Después de esas proyecciones todo lo que sabíamos era que la pubertad venía acompañada de acné, existían períodos menstruales, erecciones y atracción por el sexo contrario. Siempre el sexo contrario (nunca el mismo) y siempre con el objetivo de procrear. El aborto era malo, sin discusión. Y la masturbación era una alternativa para descargar "tensión sexual" pero -advertía el video- podía estar acompañada de algo de culpa. Y esa culpa era representada como un dedo acusador que llegaba desde el cielo. La metáfora, evidentemente, no era el fuerte de esta gente.
La actualidad -con sus campañas, sus causas, sus noticias, sus militantes y sus debates- volvió a poner ciertos temas en la boca y a la vista de todos. Así como ya resulta casi imposible no cruzarse con personas que usen el pañuelo verde, el debate sobre la despenalización del aborto llegó a todos los ámbitos. Tanto que hasta mi propia madre -la misma que me explicó todo cuando yo ya lo había averiguado por otros medios- me preguntó si yo estaba a favor o en contra. "A favor", le dije.

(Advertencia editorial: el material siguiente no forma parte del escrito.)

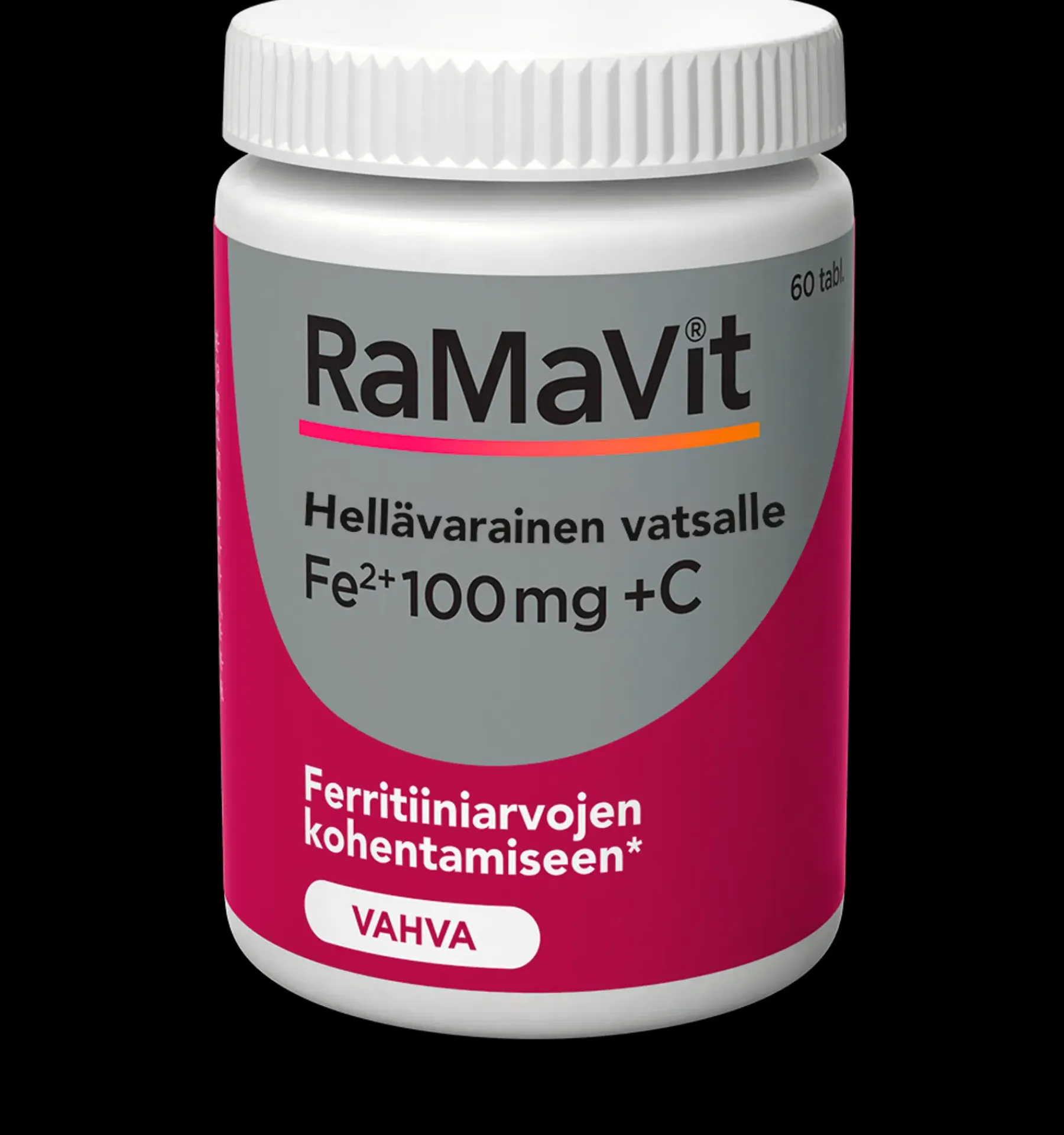 Ramavit Rauta 100 mg on vahva rautavalmiste hemoglobiini- ja ferritiiniarvojen tueksi, joka sopii myös herkkävatsaisille. Helposti nieltävä tabletti sisältää rautabisglysinaattia, joka on orgaaninen aminohappokelaatti. Tässä muodossa rauta on hyvin siedetty ja heti valmis imeytymään, eikä se heikennä muiden hivenaineiden imeytymistä. Siksi tabletin voi nauttia sekä ruoan kanssa että ilman ruokaa. Yksi tabletti sisältää 100 mg aminohappokelatoitua rautaa ja 80 mg C-vitamiinia, joka edistää raudan imeytymistä. Sopii raskauden ja imetyksen aikana. Sopii myös vegaaneille. Rauta edistää normaalia punaisten verisolujen ja hemoglobiinin muodostumista sekä normaalia hapen kuljetusta kehossa.

Ella todavía tenía algunas dudas. Como todos en algún momento, quizás. Charlamos acerca de la educación sexual como primer paso, sobre la necesidad de que sea diferente a la que generaciones enteras recibieron en la escuela; o que nunca tuvieron. Hablamos sobre lo importante que es estar informado sobre los diferentes métodos anticonceptivos, para que ella no quede embarazada si no quiere y sobre la imperante necesidad de despenalizar el aborto para que las mujeres dejen de morir en prácticas y lugares no seguros. Intercambiamos opiniones sobre la difusión del misoprostol, sobre cómo las creencias religiosas influyen en las políticas públicas, y en lo ridículo que resulta que un diputado o un senador utilice su fe como argumento para legislar. Nos reímos un poco del VHS que vi en séptimo grado, de los diputados que visten con camperas amarillas y también de los bebitos de plástico. Y nos reímos porque los chistes generan risas.

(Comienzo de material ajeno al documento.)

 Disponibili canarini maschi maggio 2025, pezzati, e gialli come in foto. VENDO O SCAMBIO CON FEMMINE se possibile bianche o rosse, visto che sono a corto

Entendimos nuestras opiniones básicamente porque elegimos escucharnos. Coincidimos en que no está bien que ninguna mujer muera por hacerse un aborto, en que antes de llegar a esa situación tienen que haber podido elegir entre las diferentes alternativas de métodos anticonceptivos y que, primero que todo, debe existir una educación sexual real y responsable, sin bajadas de línea, que incluya cualquier elección y que no contemple que la única pareja posible es entre un varón y una mujer.
Hablamos más, hablamos mucho. Fue una manera de acortar distancias, de tocar temas que nunca habíamos tocado y de saber que un debate general puede ayudar a conocer más a la otra persona. Porque cuando se quiere escuchar se escucha, y cuestiones como a quién se votó en las últimas elecciones o si se cree o no en Dios pasan a un segundo lugar. Aún entre las diferencias, se puede estar de acuerdo.
Y por eso, cuando ya terminábamos, repetí que estaba a favor. Y ella dijo "Yo también".